[Opening Material provided section]

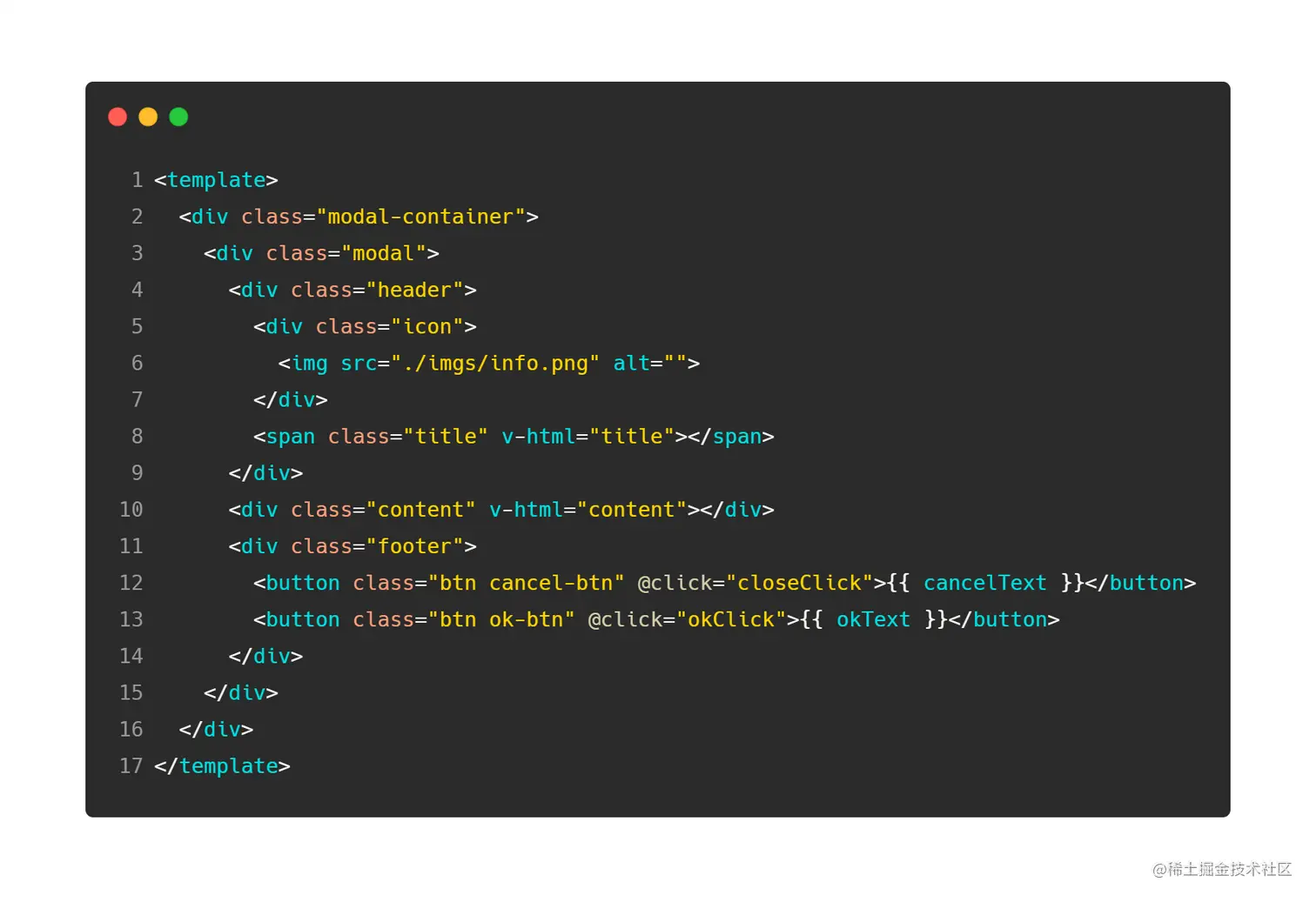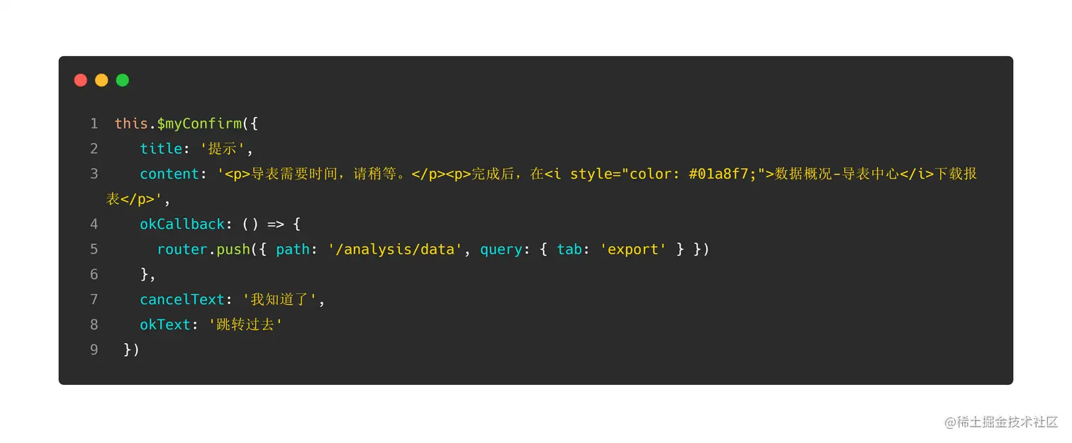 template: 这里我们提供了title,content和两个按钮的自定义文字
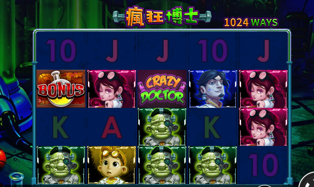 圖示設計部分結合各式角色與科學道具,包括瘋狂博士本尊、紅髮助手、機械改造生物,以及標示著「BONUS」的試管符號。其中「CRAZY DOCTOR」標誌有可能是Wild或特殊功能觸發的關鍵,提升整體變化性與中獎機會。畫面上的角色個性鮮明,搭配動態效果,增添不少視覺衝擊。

[Closing Material provided section]
[Opening Material provided section]

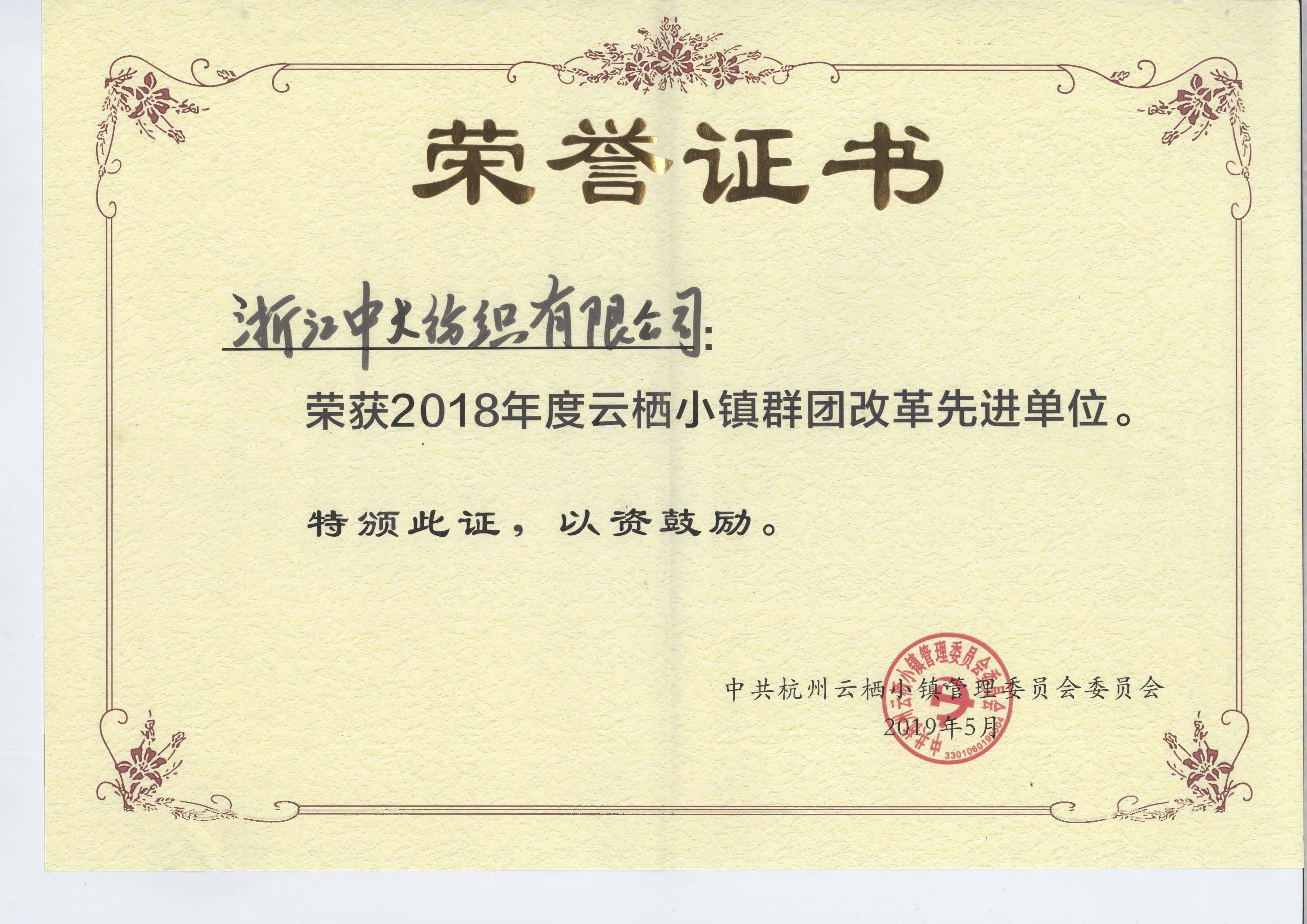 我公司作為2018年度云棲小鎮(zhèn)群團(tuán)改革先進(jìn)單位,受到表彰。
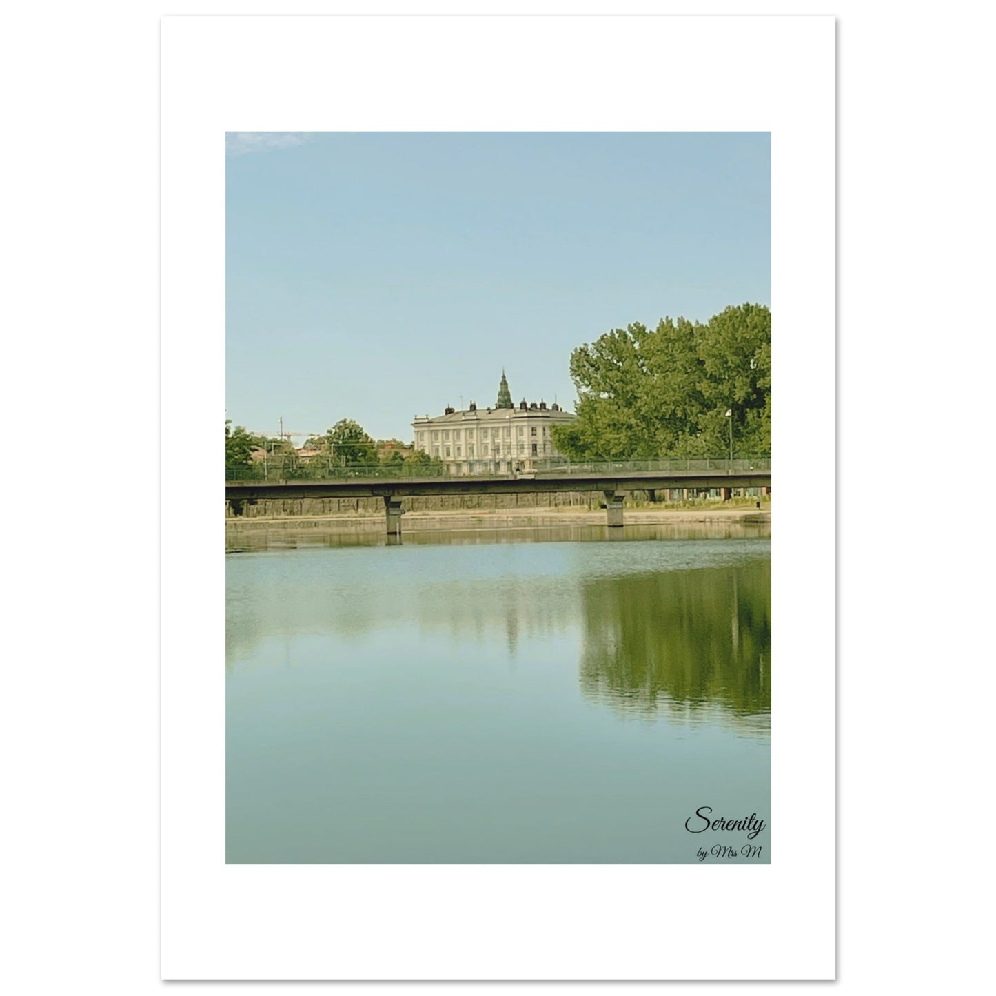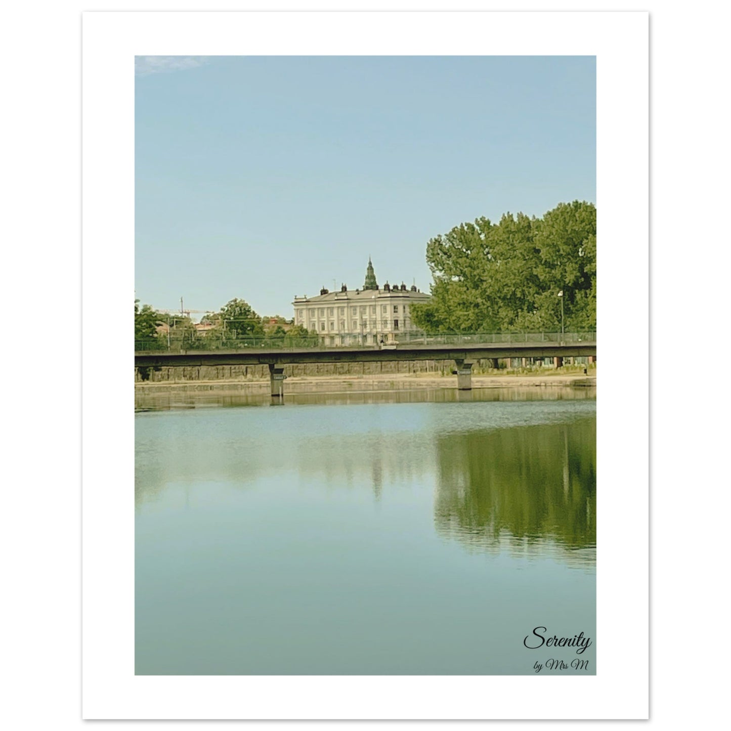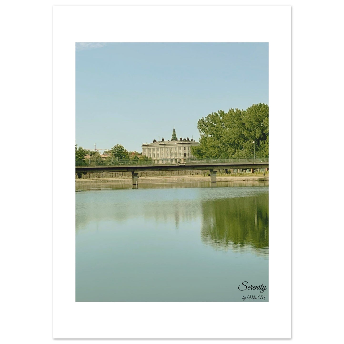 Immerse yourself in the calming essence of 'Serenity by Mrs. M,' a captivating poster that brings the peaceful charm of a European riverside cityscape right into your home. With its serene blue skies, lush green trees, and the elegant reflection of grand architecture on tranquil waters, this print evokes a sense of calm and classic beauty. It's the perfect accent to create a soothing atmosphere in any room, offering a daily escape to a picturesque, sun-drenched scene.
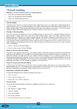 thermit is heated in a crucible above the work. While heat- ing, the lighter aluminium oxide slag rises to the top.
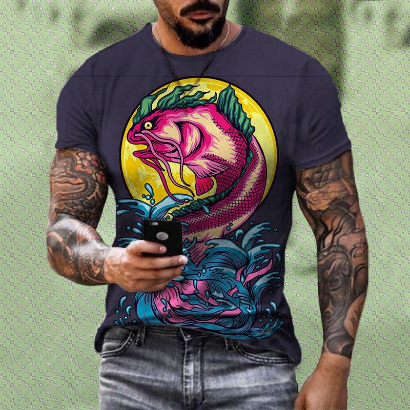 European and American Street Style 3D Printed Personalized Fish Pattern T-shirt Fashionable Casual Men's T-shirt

[Closing Material provided section]
[Opening Material provided section]

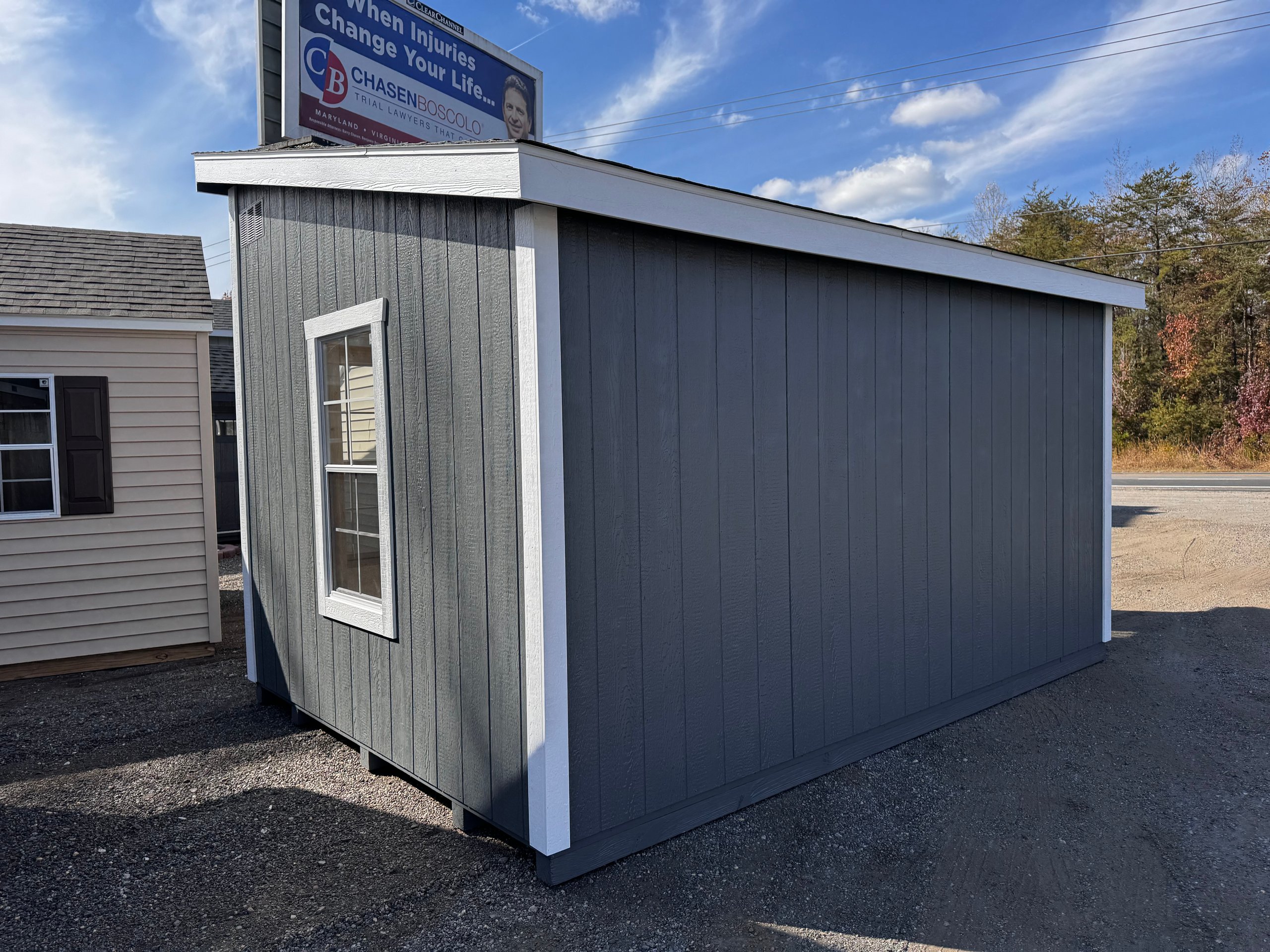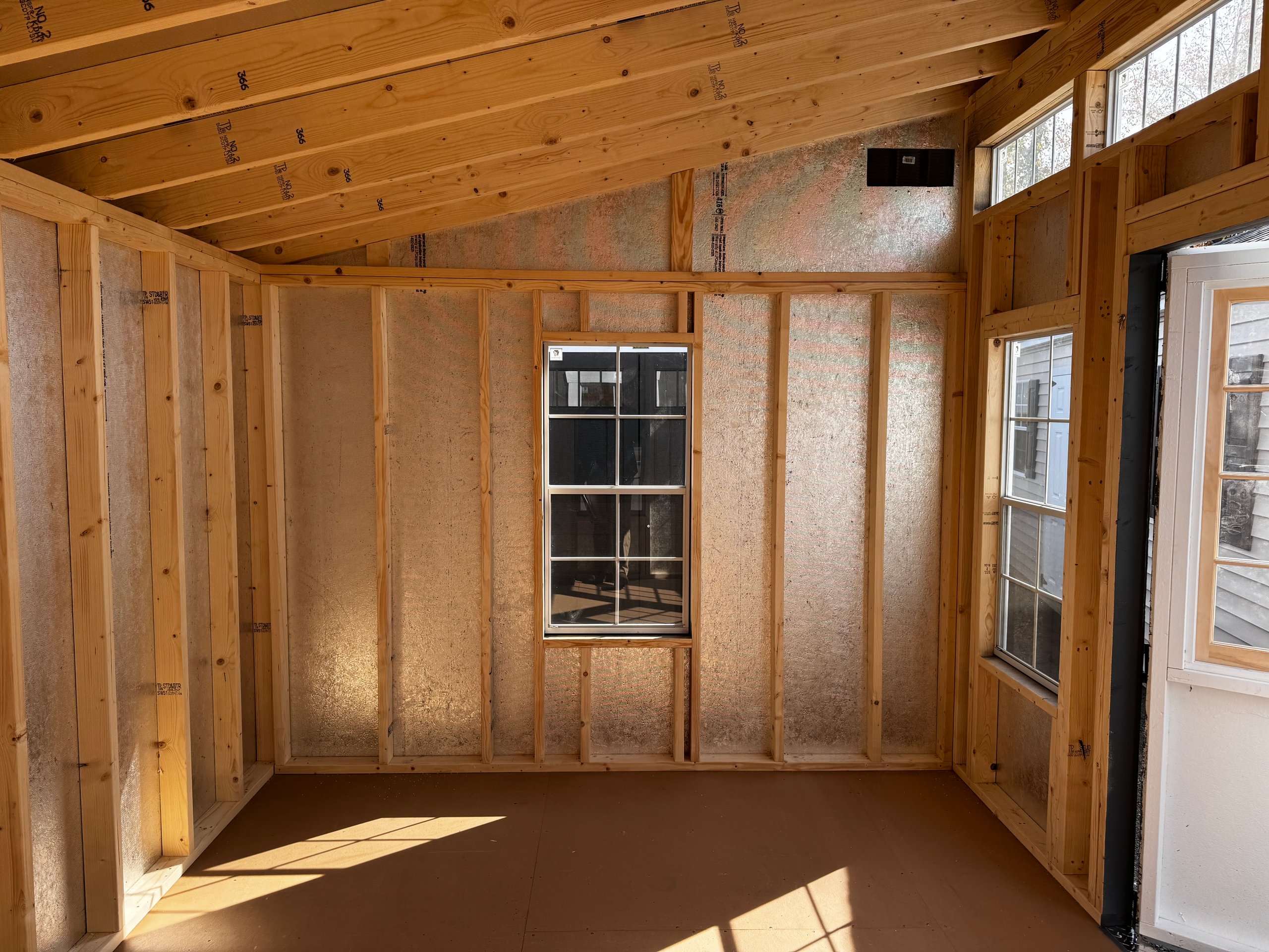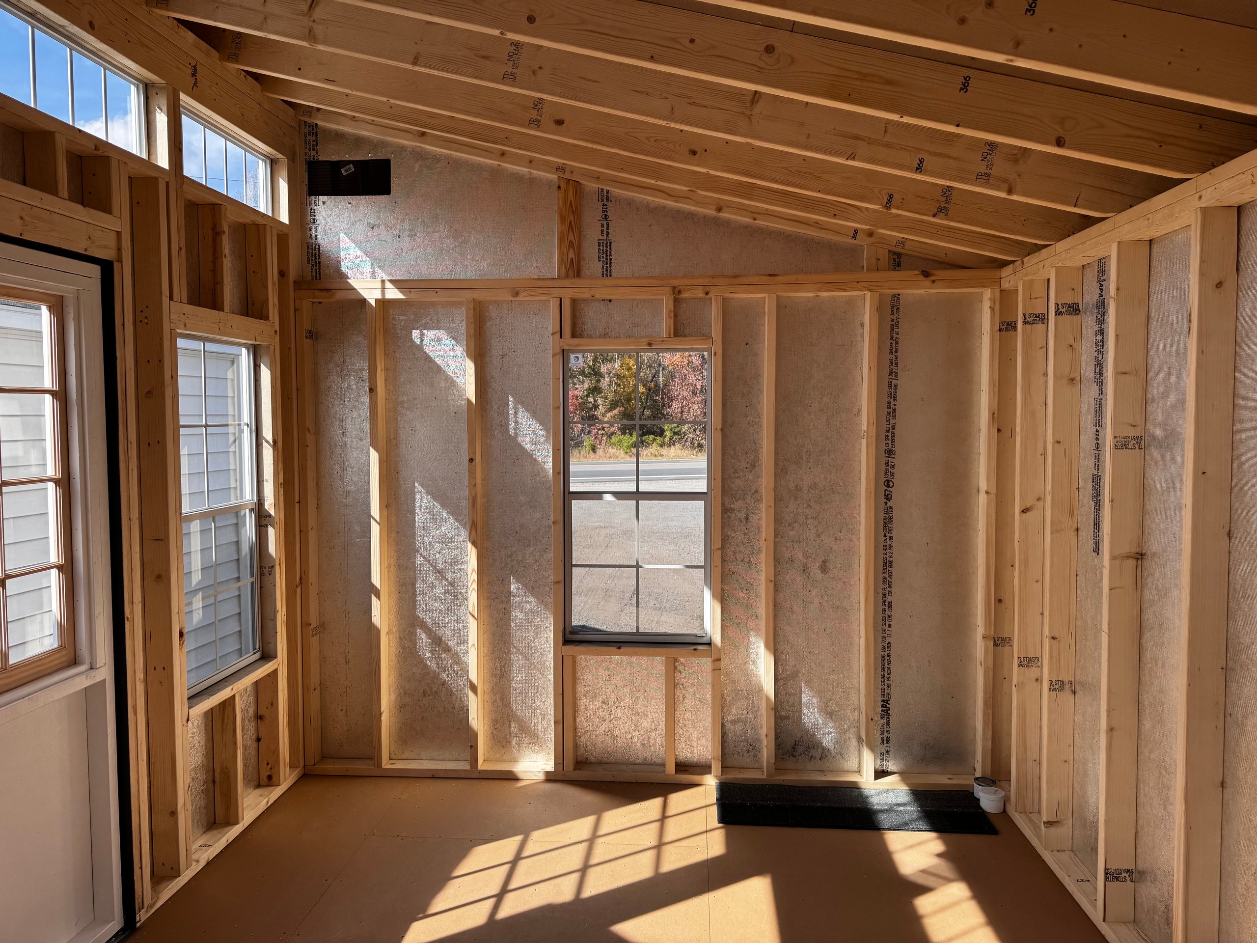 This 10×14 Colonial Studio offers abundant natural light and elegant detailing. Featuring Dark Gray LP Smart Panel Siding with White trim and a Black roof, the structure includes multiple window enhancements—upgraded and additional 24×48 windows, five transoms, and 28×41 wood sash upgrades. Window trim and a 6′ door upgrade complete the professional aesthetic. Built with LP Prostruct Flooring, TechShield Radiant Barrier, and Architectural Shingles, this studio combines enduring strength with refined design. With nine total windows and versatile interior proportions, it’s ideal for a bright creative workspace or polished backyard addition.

[Closing Material provided section]

Problem requirements: In the listing above, find the line with "template: 这里我们" and output every line through the one with "圖示設計部分結合各式角色與科", exactly, without the pictures.

Output of the task:
 template: 这里我们提供了title,content和两个按钮的自定义文字
 圖示設計部分結合各式角色與科學道具,包括瘋狂博士本尊、紅髮助手、機械改造生物,以及標示著「BONUS」的試管符號。其中「CRAZY DOCTOR」標誌有可能是Wild或特殊功能觸發的關鍵,提升整體變化性與中獎機會。畫面上的角色個性鮮明,搭配動態效果,增添不少視覺衝擊。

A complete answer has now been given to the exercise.